I for my part am not disturbed at being one of a minority, and if it ends up with my being a minority of one, then, by God’s grace, I will accept the fact with equanimity and hold to my theology which is that of Catholic tradition. This will not prevent my loving those who disagree. If occasion arises, I will certainly try to make that theology comprehensible to those who do not hold it with me. I will do this not because I want to be officially correct, or to be approved by a curia which may (let us suppose) have been blown off the face of the earth by an H bomb. I will do it not because I think the concepts are fashionable and acceptable to twentieth century man. I will do it because it is my way of being "honest to God" and loyal to the grace which has, as I believe, brought me to the awareness of the unknowable and unspeakable One who is present to me, (I gladly agree here with Tillich and the Bishop) in the pure ground of my being. I will do it in my own terms, which may have something of St. John of the Cross, something of St. Thomas, something of the Greek and Latin Fathers, something also of Tattler and Co., of Christian existentialism, and something even of Zen. I think that if the Bishop of Woolwich were a little more aware of these traditional expressions of honesty to God, his book would be more viable than it is.

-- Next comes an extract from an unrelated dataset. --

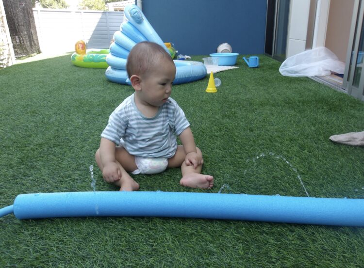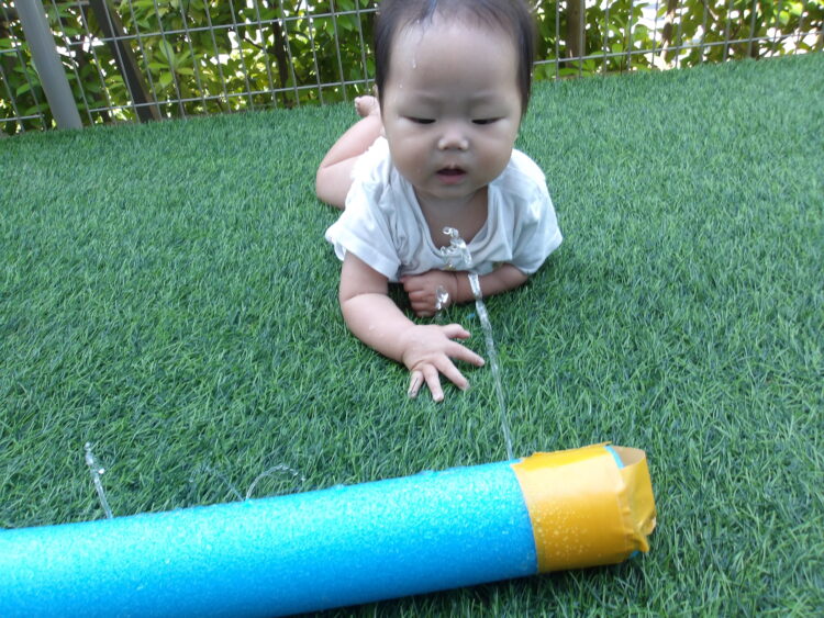 出ている水をつかまえようとするのですがつかまることができず「何で」という顔をしていました![]()

As it is, however, I think that Honest to God is an expression of sincere but misdirected concern: a concern to find "fellowship" with modern secular man on a level that is still ambiguous and superficial because it still attempts, though with all decency and much tact, to "sell" a reconditioned image of a Christianity that is "worldly," "religionless," and free of myths. This may be all very well, but the unconditional character of the Christian concern, to use the Bishop’s own language, demands that at some point one confront "the world" with a refusal. We know, in fact, that Bonhoeffer did just this. He certainly did not pretend to find God in Nazism. He gave his life in protest against such an illusion. Yet this, in conclusion, leaves us with one sobering reflection. It was Bonhoeffer the "religionless," Bonhoeffer who sought "God in the world," who died protesting against Nazi worldliness when the vast majority of the religious, the orthodox, the officially other-worldly and impeccably Christian, lined up behind Hitler’s armies and marched in the godless military parade even when they knew they were supporting a government that was resolutely determined to destroy their Churches.

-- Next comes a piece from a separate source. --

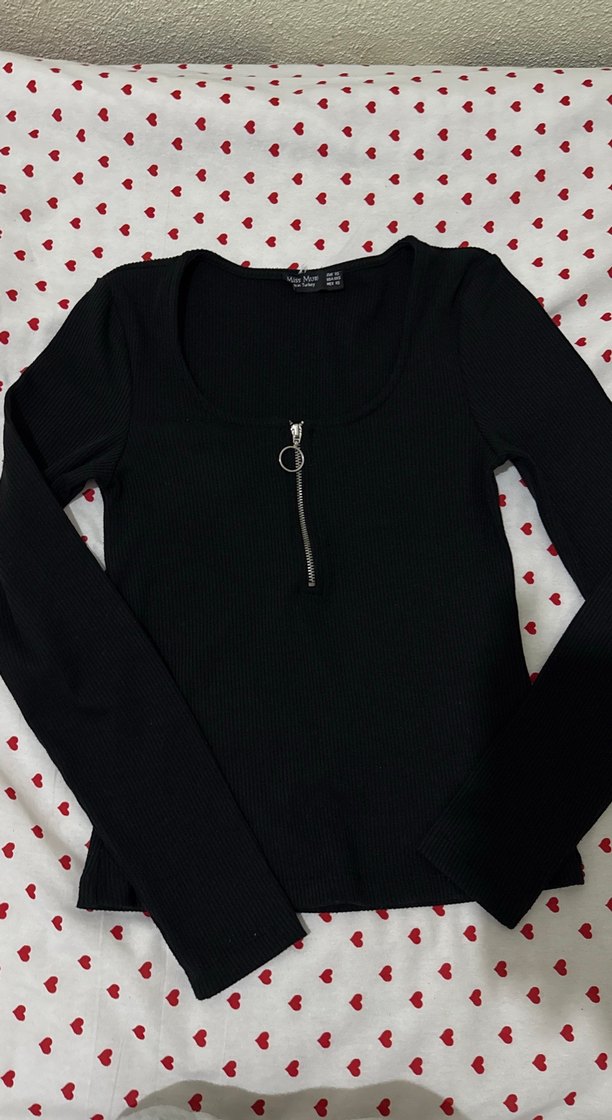 Fermuarlı Siyah Uzun Kollu Kadın badi

No matter what one may say about Honest to God, there is something of this intransigent sincerity in it: something that cannot be belittled or ignored. It is more than mere good will. I have seen some privately circulated lectures of the Bishop of Woolwich which are far more important and more exciting than Honest to God and theologically much deeper. There is something stirring here and the noise over one book must not make us inattentive to what is to come.